- _About this task_
Reproduce the lines below exactly. Skip images.

- _Source material_
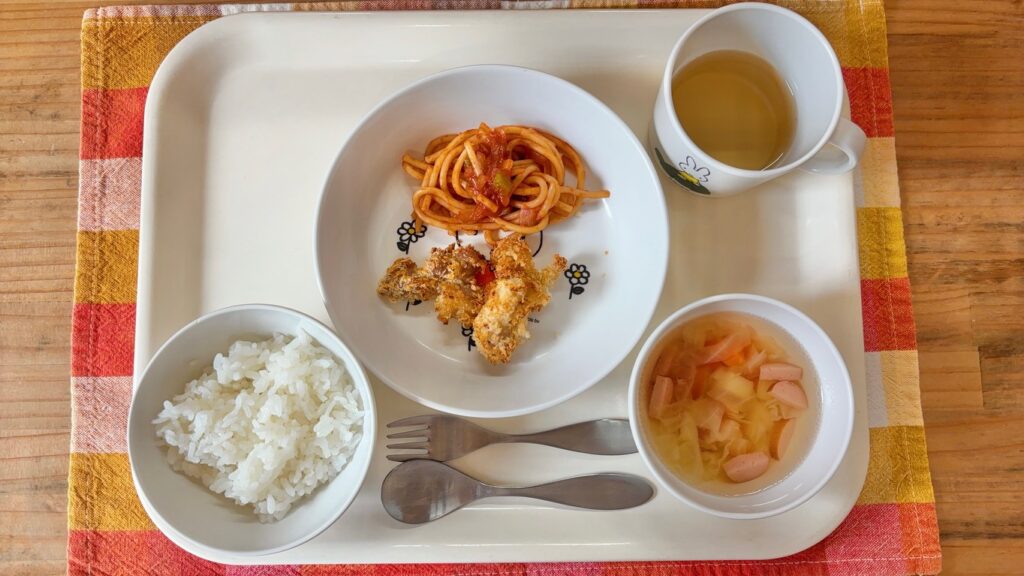 ごはん 鶏肉のパン粉焼き ケチャップスパゲティー 野菜スープ
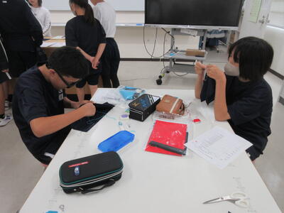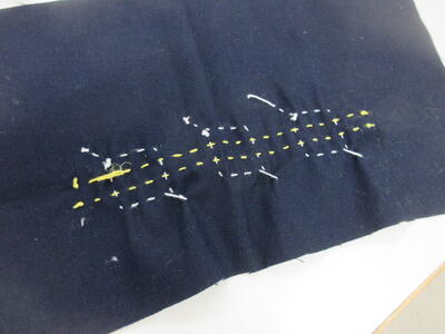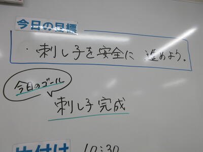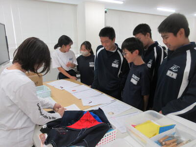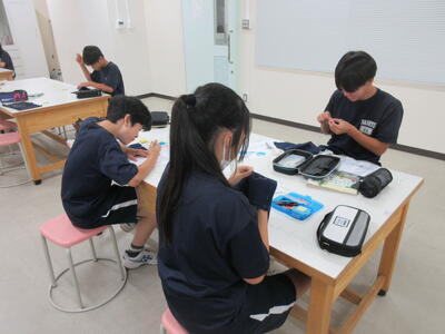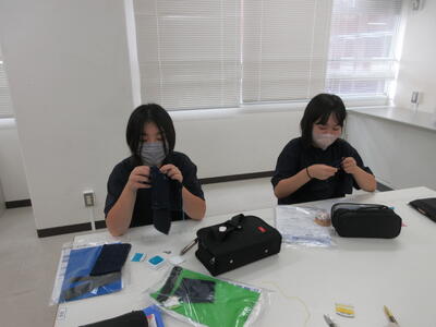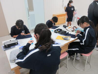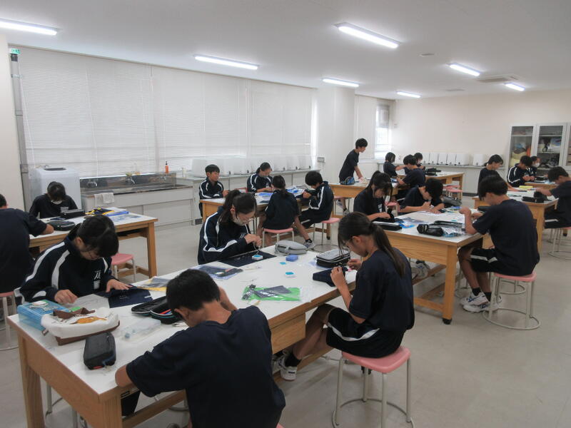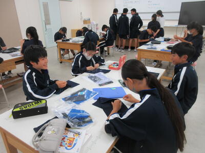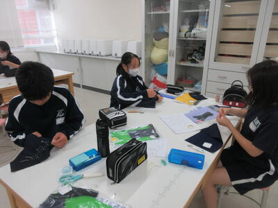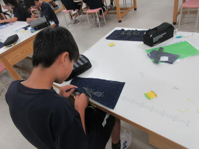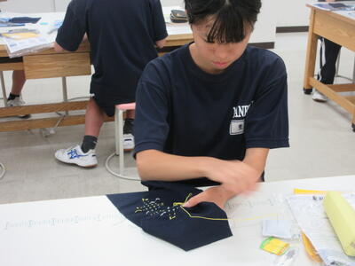 ▼被服室では1年生が家庭科の授業。刺し子に取り組んでいます。完成を目指すと言うことで集中力もマックスです!!
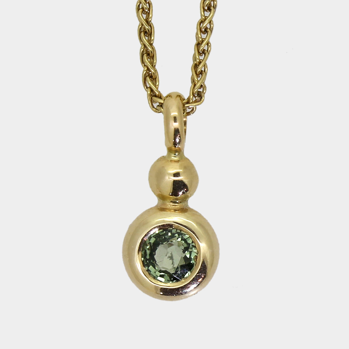 Der runde Turmalin eignet sich sehr gut für ein klassisches, zeitloses Schmuckstück wie einen Anhänger. Eine schlichte, bauchige Zargenfassung schützt den Turmalin und bringt die Form klar zur Geltung, Der warme Farbton des 585‰ Gold unterstreicht den schönen Grünton des Steines.

- _Task response_
 ごはん 鶏肉のパン粉焼き ケチャップスパゲティー 野菜スープ
 ▼被服室では1年生が家庭科の授業。刺し子に取り組んでいます。完成を目指すと言うことで集中力もマックスです!!
 Der runde Turmalin eignet sich sehr gut für ein klassisches, zeitloses Schmuckstück wie einen Anhänger. Eine schlichte, bauchige Zargenfassung schützt den Turmalin und bringt die Form klar zur Geltung, Der warme Farbton des 585‰ Gold unterstreicht den schönen Grünton des Steines.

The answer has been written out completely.